___ Data to process

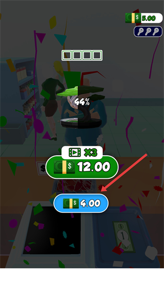 4、完成收银任务后,点击红色箭头指向的按钮,领取对应的奖励,继续下一轮收银挑战。
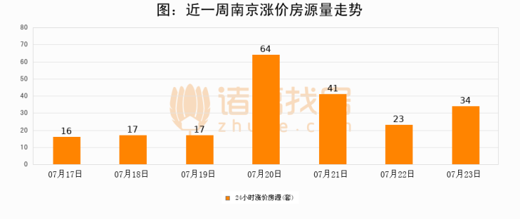 根据诸葛找房数据显示,南京24小时涨价房源量为34套,较07月22日增加11套,环比上涨47.8%。与此同时,涨价房源占比小幅扩大,业主信心有所提升。
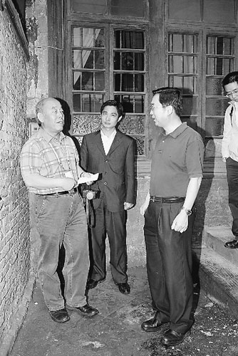 6月8日,在重走故宮文物南遷路途中,李文儒(左一)與當(dāng)?shù)匚奈飳<铱疾飚?dāng)年存放文物的貴州毛(光翔)公館。照片由故宮博物院提供
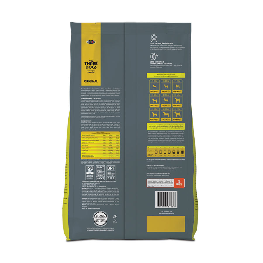 Ração Three Dogs Original para Cães Adultos de Raças Médias e Grandes Sabor Frango, Carne e Arroz
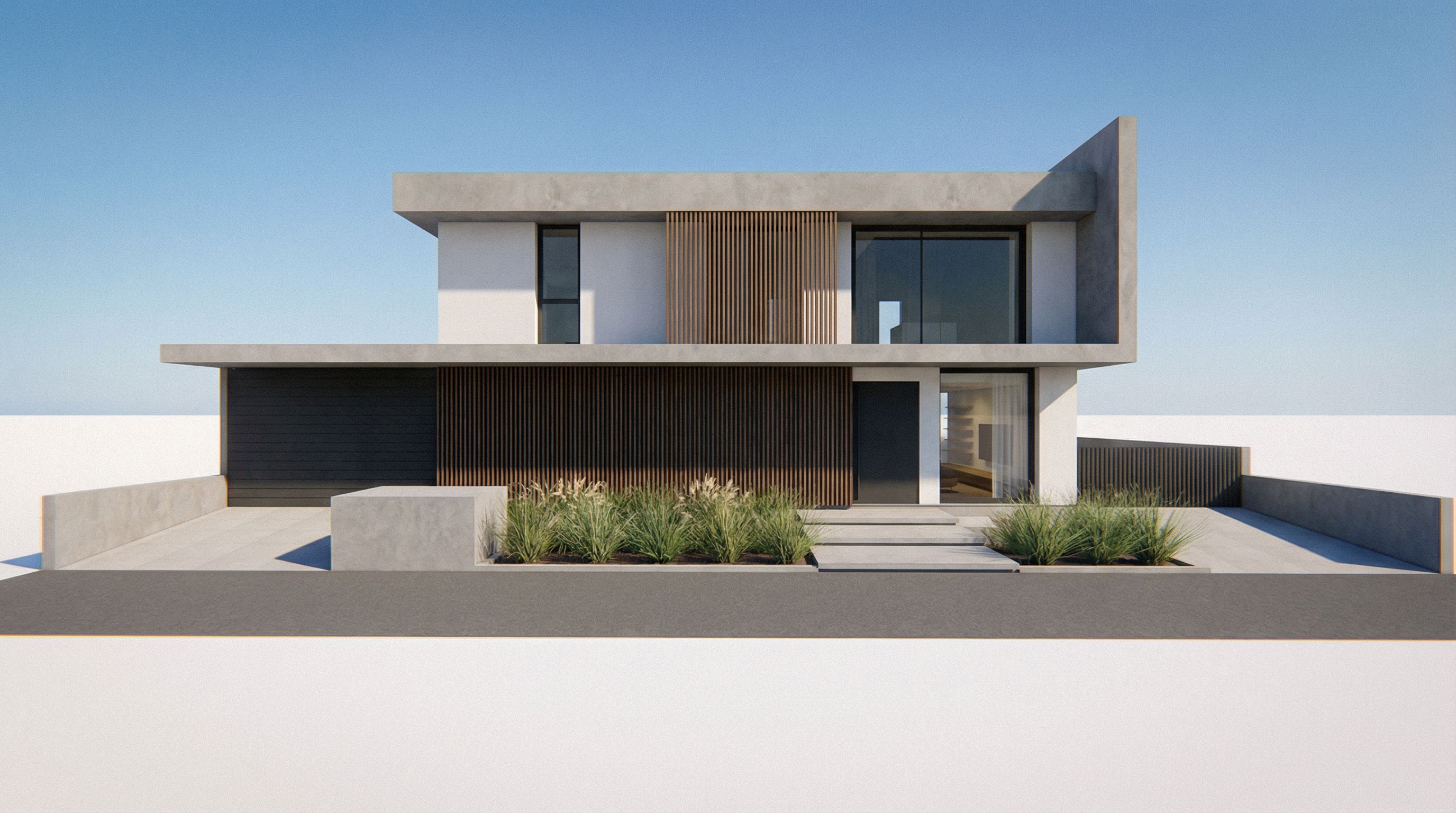You are professional photographer and expert architect, you role is to transform the input into realistic photograph and add photography effects like chromatic abberation, ISO noise, Film grain, Sharpening pass, Soft glow, Exposure correction, Tone mapping, Bloom + glare mix. Composition: Always keep same input composition and camera angle, accordingly NEVER EVER crop the input or change the angle unless otherwise is mentioned in the user instructions regarding camera angle or composition. For example: if input is a tower, it should be fully visible. Additional guidance: consider the user instructions provided below to help you. Text: if input contains text, ensure to render it correctly. Errors: final output should be 100% correct without any errors or strange things. Input type: you are expected to handle different input types like clay model inputs, freehand sketches, photos, you have to think first how to transform each one into an ideal photograph Creativity and adding details: exteriors: add elements like landscape, context if needed to make the scene perfect award-winning shot. interiors: materials, textures, interior accessories,..etc. Final Result: final result quality always should tend to look like a realistic photograph unless user specifies different style below. User Instructions: "modern house with τσιμεντοκονια οχι πολλη σκουρα στην πανω αρχιτεκτονικη προεξοχη μονο, keep exact camera angle. Type: architectural exterior. Input: photograph"

______

Leave the pictures out, and transcribe exactly the lines above starting at the one that contains "6月8日,在重走故宮文物南遷" and ending at the one that contains "Ração Three Dogs".

 6月8日,在重走故宮文物南遷路途中,李文儒(左一)與當(dāng)?shù)匚奈飳<铱疾飚?dāng)年存放文物的貴州毛(光翔)公館。照片由故宮博物院提供
 Ração Three Dogs Original para Cães Adultos de Raças Médias e Grandes Sabor Frango, Carne e Arroz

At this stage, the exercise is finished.